Optionally, in the embodiment of the present invention, the M through holes may be distributed on a diagonal line of the metal groove. The specific distribution mode of the M through holes in the metal groove can be determined according to the distribution positions of the M feeding arms in the metal groove.

In the embodiment of the invention, as the through hole is simple to arrange in the metal groove and is easy to realize, the process that the feed part penetrates through the metal groove can be simplified by arranging the through hole penetrating through the bottom of the metal groove at the bottom of the metal groove and arranging the feed part in the through hole.

Optionally, in an embodiment of the present invention, a third insulator may be disposed in each of the M through holes, and the third insulator may wrap the feeding portion disposed in the through hole.

In an embodiment of the present invention, the third insulator wraps the feeding portion disposed in the through hole, so that the feeding portion is fixed in the through hole.

Illustratively, as shown in fig. 7, through holes 206 are provided at the bottom of the metal grooves 201, a third insulator 207 is provided in each through hole 206, and the feeding portion 202 may be electrically connected to the feeding arm 203 through the third insulator 207 provided in the through hole 206.

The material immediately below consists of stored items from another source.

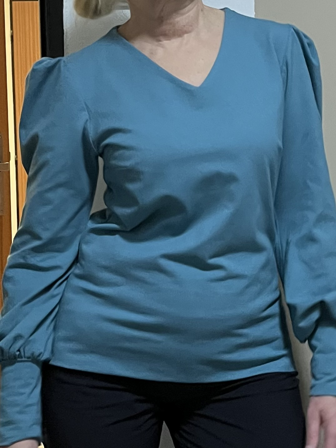 „Nesmírně elegantní tričko/halenka. Opravdu top. Šila se naprosto suprově. Jen jsou mi dlouhé rukávy(moje chyba, zapomněla jsem je při konfiguraci zkrátit), takže přemýšlím co s nima.“
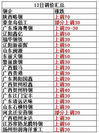 7月12日廣西毅馬上調(diào)30:鋼筋沖粒3680,新鋼板料3680;模具鋼3680;熱軋沖子、冷軋沖子、汽車沖片3680;機(jī)生鐵3660;舊法蘭3660;鋼筋頭、汽車大梁、前后橋3600;熱、冷軋沖片3640;硅鋼片3680;風(fēng)割料3600;一級(jí)剪切料3570;二級(jí)剪切料3380,不含稅。
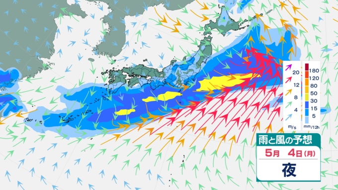 【大雨情報】ゴールデンウィーク期間中に大雨の日が…? 4月30日~5月1日頃は北日本と東日本で荒れた天気 西日本や沖縄・奄美では警報級の大雨の恐れも 雨・風シミュレーションで見る最新予想は? 青森テレビ 2026年4月27日(月) 14:45 国内 【5月4日】雨・風の予想シミュレーション 【雨・風の予想シミュレーションを見る(3時間毎)】 (4月27日、28日、29日、30日、5月1日、2日) 【この記事を最初から読む】

It should be noted that, in fig. 7, the signal source 30 electrically connected to one end of the feeding portion 202 (for example, the second end of the feeding portion) may be a millimeter wave signal source in the terminal device.

In an embodiment of the present invention, the third insulator may be made of an insulating material having a relatively small relative permittivity.

Illustratively, the material of the third insulator may be any possible material such as a foam material or a plastic material.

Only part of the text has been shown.